A laundry list of reasons was read aloud, including performance issues, insubordination, and Whitfield failing to establish and implement high expectations for all staff and students. 

In addition, the official also said Whitfield was deficient in observation reports, evaluations and lacked communication skills and situational awareness. 

The official also listed an instance where Whitfield failed to report misconduct among staff. 

RELATED: New rules for Grapevine-Colleyville ISD school board meetings had parents, students changing clothes to support principal under fire

Whitfield told WFAA after the meeting that the reasons listed for his termination were ridiculous and said many were never explicitly brought to his attention prior. 

He never got to publicly refute or tackle each issue due to the settlement being reached. 

Still, the district agreeing to a settlement largely says it didn't want to enter into a court battle. 

"The national spotlight isn't something you hope for or wish for, but sometimes those moments happen," Whitfield said. "All I wanted to communicate was that I want to make sure that every student who walks through our doors has access to an equitable and excellent education."

After Whitfield was pushed to the forefront of district controversy, he revealed to WFAA that he thinks trouble began in the primarily white Texas suburb after writing a letter to the school community following the murder of George Floyd. 

He wrote that systemic racism is “alive and well” and that the community all needed to work together to achieve “conciliation for our nation.”  

In 2020, Whitfield became the first Black principal at Colleyville Heritage High School. He's been a shining star with the district and has been promoted several times within the Grapevine-Colleyville ISD system. 

Yet in 2019, Whitfield said he felt his progress was being attacked when someone complained to administrators that he was setting a "bad example" by posting pictures of himself kissing his wife on Facebook. 

The photos were from an anniversary trip in Mexico over a decade ago and showed the pair kissing one another and embracing on a beach, fully clothed in the sand. He said he agreed to take some of the photos down. Whitfield's wife is white and has defended him publicly. 

Once Whitfield was sidelined, speculation grew throughout the community that the district had a knee-jerk reaction to Stetson Clark's CRT comments and parental input that followed. 

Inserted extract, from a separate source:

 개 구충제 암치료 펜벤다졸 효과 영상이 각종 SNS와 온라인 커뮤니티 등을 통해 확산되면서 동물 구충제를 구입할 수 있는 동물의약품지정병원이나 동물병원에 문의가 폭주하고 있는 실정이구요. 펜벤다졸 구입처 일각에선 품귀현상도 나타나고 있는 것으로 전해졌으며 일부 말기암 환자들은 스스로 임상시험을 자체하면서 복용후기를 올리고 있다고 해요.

The district has said: "The decision to place Dr. Whitfield on administrative leave was not a result of statements made by members of the public, including those who spoke at recent meetings of the GCISD Board of Trustees. Nor was the decision made in response to allegations Dr. Whitfield was teaching Critical Race Theory, or because of the photos on his social media account that were brought to the attention of the District in 2019."

"I've heard from educators both locally and across the country going through similar issues in their respective communities," Whitfield said. "Anti-CRT folks can't prove that those teachings are even in public education, and my advice to the people facing criticism is not to be afraid to speak up and fight." 

The belief that Whitfield has been targeted because he was vocal for diversity and inclusion fueled a student walk-out and passionate statements supporting him during the public comment section of board meetings. 

RELATED: Students held walkout in support of Colleyville Heritage HS principal sidelined amid critical race theory complaints

Whitfield was a beloved figure in his school and wanted to thank the people that fought for him.

"People listened to them, and it may not seem like it because they didn't get the desired outcome they wanted--but they have been an inspiration to so many people around the country," Whitfield said. "I'm proud of them for speaking up and letting their voice be heard. They were talking about their experiences as students of color, inspired people, so don't think this is the end of their fight." 

WFAA asked Whitfield if he thought another school district would hire him after all of this -- and he sounded confident. 

"I'm sure there will be those opportunities down the road. Whatever it is I'm doing, I want to be actively involved in making kids' lives better."